Escaping Paternalism Book Club: Jubal Harshaw's Reaction
Blogger Jubal Harshaw sent me this response to last week’s installment of the Escaping Paternalism Book Club last week. Reprinted with his permission.
Hey Bryan,
Today you wrote:
“4. Once again, I wish the book contained a detailed section on opioids. The usual view, of course, is that Big Pharma’s lobbying prevented wise regulation from paternalistically saving hundreds of thousands of American lives. This is clearly a public choice story, but not one in the spirit of Escaping Paternalism. So is the conventional story flat wrong – or what?”

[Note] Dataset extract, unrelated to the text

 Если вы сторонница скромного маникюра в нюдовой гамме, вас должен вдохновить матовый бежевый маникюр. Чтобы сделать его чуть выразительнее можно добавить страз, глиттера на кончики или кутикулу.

Yes, the conventional story is flat wrong. It contains some elements of truth, but is pretty implausible for several reasons. I don’t know how this threads into your posts on paternalism, but there are some important fact that get omitted from the standard narrative on the opioid epidemic. Rates of opioid abuse and addiction were flat over the relevant period (early 00s to present) when opioid prescriptions did something like quadruple. Purdue Pharma was a small share of the market, so somehow the benefits of their marketing accrued mostly to other manufacturers. Most drug poisoning deaths involve multiple substances (they aren’t simply “opioid overdoses” but drug interactions, suggesting a more complex causal story), and a substantial fraction of drug poisoning deaths have various ailments and chronic illnesses listed on the death certificate (suggesting that many of these deaths might have had multiple causes, or might not have been opioid poisonings at all).
I have written quite a lot about this on my (pseudonymous) blog. I hope you find some of it interesting.

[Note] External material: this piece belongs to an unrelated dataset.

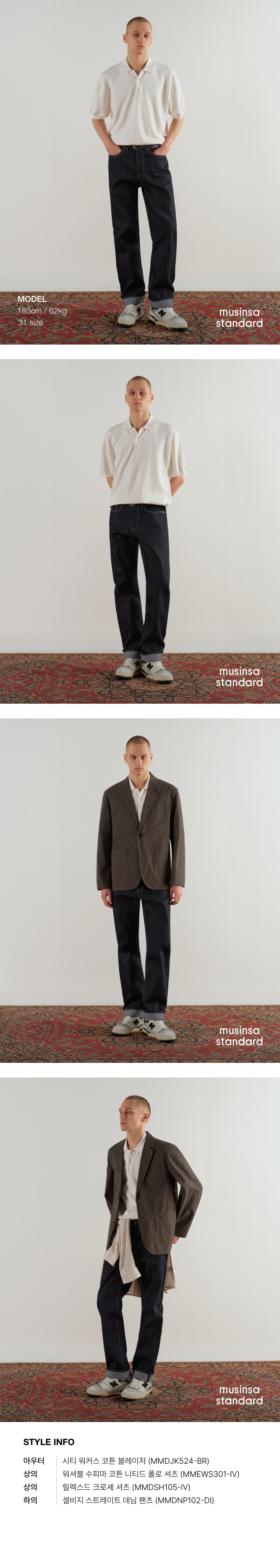 무신사 스탠다드(MUSINSA STANDARD)는 대한민국을 대표하는 온라인 패션 스토어 무신사가 전개하는 자체상표(Private Brand)이며, 모던 베이식 캐주얼웨어를 지향합니다. 단순한 유통구조의 효율적인 운영으로 좋은 품질의 제품을 합리적인 가격에 선보입니다. 가치소비 시대의 새로운 기준을 제시합니다.

This one is a pretty comprehensive takedown of the standard story:
https://grokinfullness.blogspot.com/2017/09/debunking-standard-narrative-on-opioid.html
This one has some data on historic rates of abuse/addiction:
https://grokinfullness.blogspot.com/2019/07/prescription-opioid-abuse-trends-in.html
This one is an attempted take-down of a study that tells the standard narrative, blaming Purdue:
https://grokinfullness.blogspot.com/2019/12/interesting-study-on-origins-of-opioid.html
And this one is aimed at the book Dreamland:
https://grokinfullness.blogspot.com/2020/03/dreamlands-narrative-is-wrong.html
There’s a lot there, but you asked a big question.